■ YOUR INSTRUCTIONS ■
Take the lines in the listing below from the line with "- Combine the" up to and including the line with "STITCH's database and" and set them down exactly, skipping pictures and adding nothing.

■ INFORMATION ■
==================================================

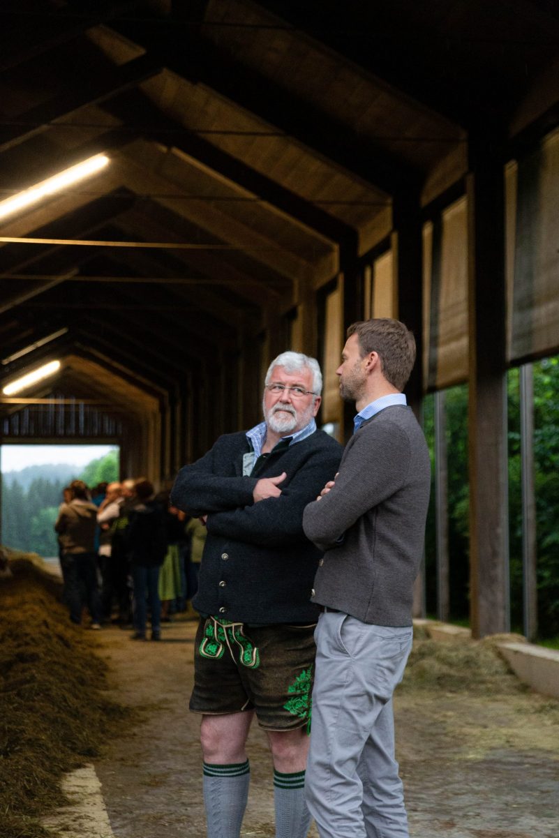 Der Stall der Familie Raßhofer ist somit nicht nur preiswert und gut für die Tiere, sondern auch ein baukulturelles Highlight. Die auffallend einfach Forme mit der eigens entworfenen Konstruktion in Tragwerk und Detail macht aus dem Nutzbau ein herausragendes Statement der regionalen Landwirtschaft. Der Stall wurde u.a. mit dem Deutschen Holzbaupreis ausgezeichnet. Der Entwurf stammt vom Bruder und Schwager des Ehepaars, Professor Florian Nagler, gelernter Zimmerer und Architekt.
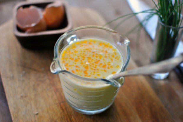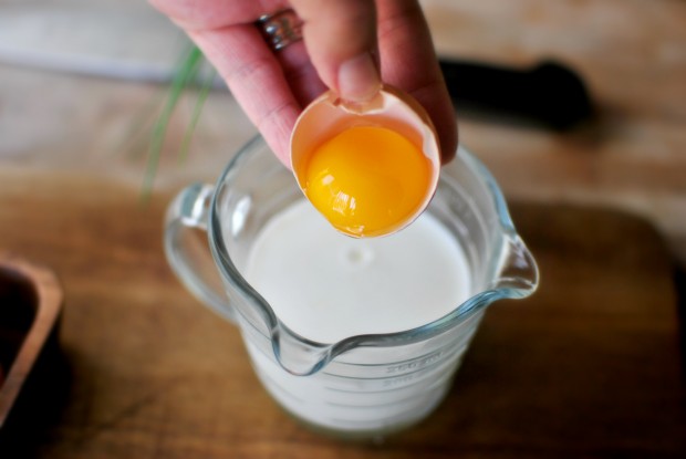 - Combine the two eggs and the 1/2 cup of milk in a small bowl or measuring cup and keep cold in the fridge.
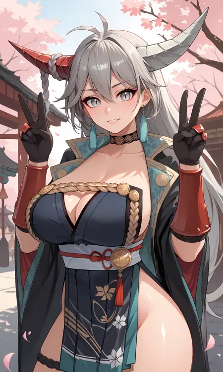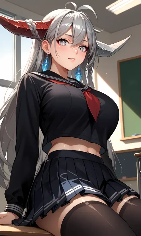 hakuryuu, 회색 눈, 늘어진 동공, 뿔, 이색 뿔, 어긋난 뿔, 회색 머리, 긴 머리, 땋은 머리, ahoge, 귀걸이
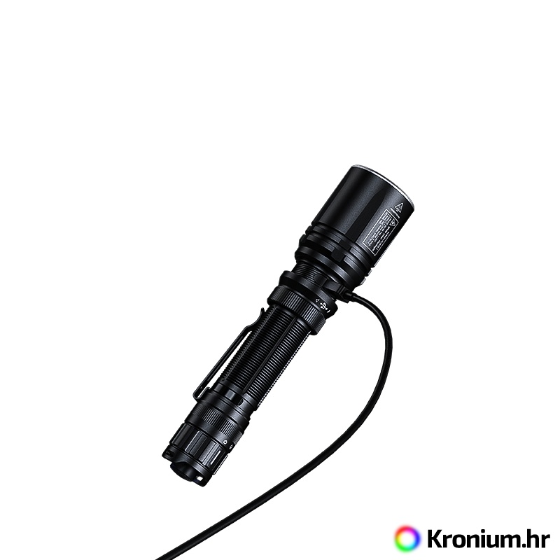 - Taktički prekidač na kraju svjetiljke (funkcija izravnog stroboskopa držanjem gumba).
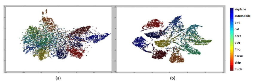 어떤 모델이 더 잘 표현을 하고 있는 걸까요? 직관적으로 (b) 모델 처럼 분류가 깔끔하게 되면 각각의 클래스들을 구분하기가 훨씬 쉬울 것 같습니다. 실제로, (b) 모델의 정확도가 훨씬 높습니다.
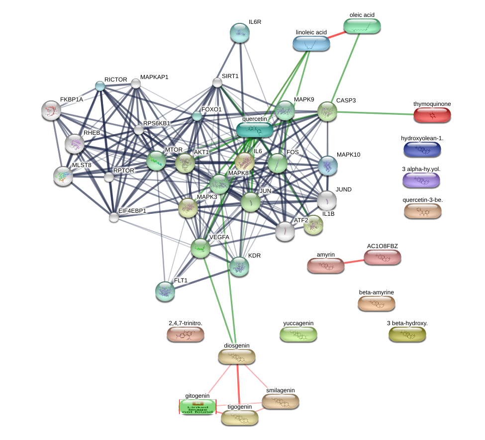 STITCH's database and analytical tool, called STITCH examines how bioactive compounds interact with the target protein. Fig. 1 depicts the development of the STITCH-based interaction network between metabolite chemicals in N. sativa L. and T. foenum-graecum and their target proteins. A medium level of confidence is indicated by STITCH results, with a minimum interaction score of>0.400 (medium confidence). The stronger the link between the bioactive molecule and its target protein, the thicker the interaction line. The STITCH interaction analysis indicates that five active substances: diosgenin, linoleic acid, oleic acid, thymoquinone, and quercetin interact directly with surface receptor proteins. Additionally, as a result of integration with STITCH, a network view is available to view the binding affinity of chemical compounds in an interaction network. STITCH briefly explains how a molecule could affect its interaction partner [25]. Moreover, the quantity of intracellular proteins on that surface signifies the transition from chemical signals (extracellular) to intracellular signals.
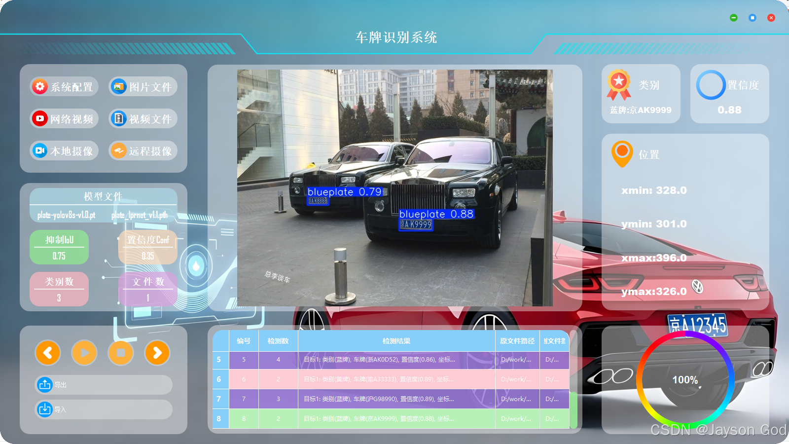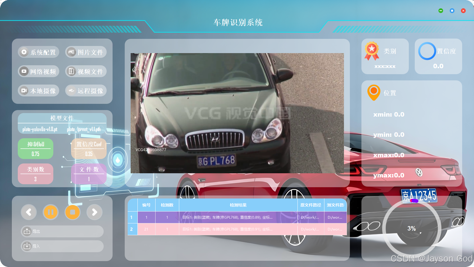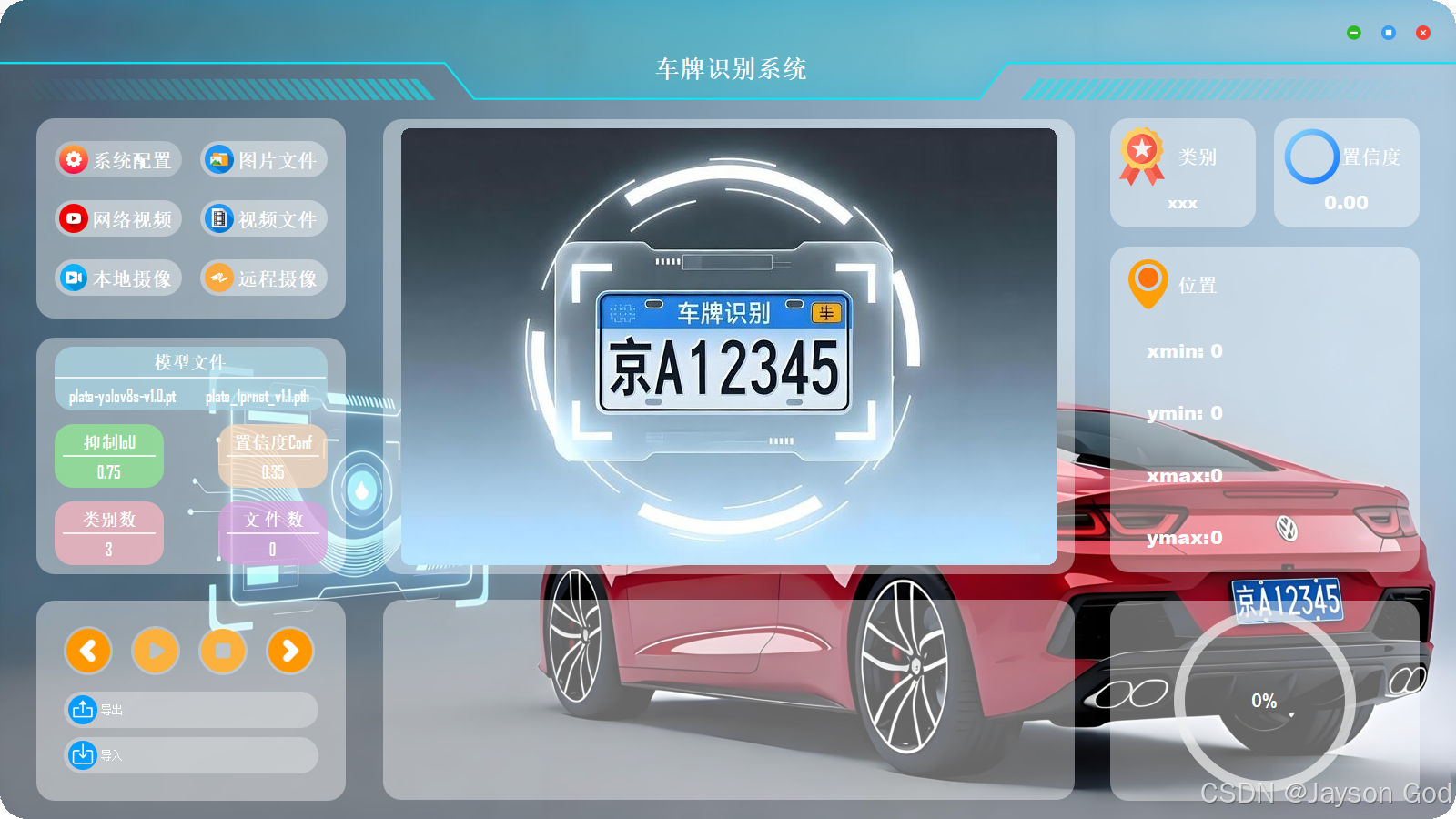 本项目是一个功能完整、界面友好的车牌识别(License Plate Recognition, LPR)软件,采用 Python 开发,融合了深度学习与图形界面技术,适用于图像、视频、摄像头及网络流等多种输入场景。

==================================================

■ ANSWER SECTION ■
 - Combine the two eggs and the 1/2 cup of milk in a small bowl or measuring cup and keep cold in the fridge.
 hakuryuu, 회색 눈, 늘어진 동공, 뿔, 이색 뿔, 어긋난 뿔, 회색 머리, 긴 머리, 땋은 머리, ahoge, 귀걸이
 - Taktički prekidač na kraju svjetiljke (funkcija izravnog stroboskopa držanjem gumba).
 어떤 모델이 더 잘 표현을 하고 있는 걸까요? 직관적으로 (b) 모델 처럼 분류가 깔끔하게 되면 각각의 클래스들을 구분하기가 훨씬 쉬울 것 같습니다. 실제로, (b) 모델의 정확도가 훨씬 높습니다.
 STITCH's database and analytical tool, called STITCH examines how bioactive compounds interact with the target protein. Fig. 1 depicts the development of the STITCH-based interaction network between metabolite chemicals in N. sativa L. and T. foenum-graecum and their target proteins. A medium level of confidence is indicated by STITCH results, with a minimum interaction score of>0.400 (medium confidence). The stronger the link between the bioactive molecule and its target protein, the thicker the interaction line. The STITCH interaction analysis indicates that five active substances: diosgenin, linoleic acid, oleic acid, thymoquinone, and quercetin interact directly with surface receptor proteins. Additionally, as a result of integration with STITCH, a network view is available to view the binding affinity of chemical compounds in an interaction network. STITCH briefly explains how a molecule could affect its interaction partner [25]. Moreover, the quantity of intracellular proteins on that surface signifies the transition from chemical signals (extracellular) to intracellular signals.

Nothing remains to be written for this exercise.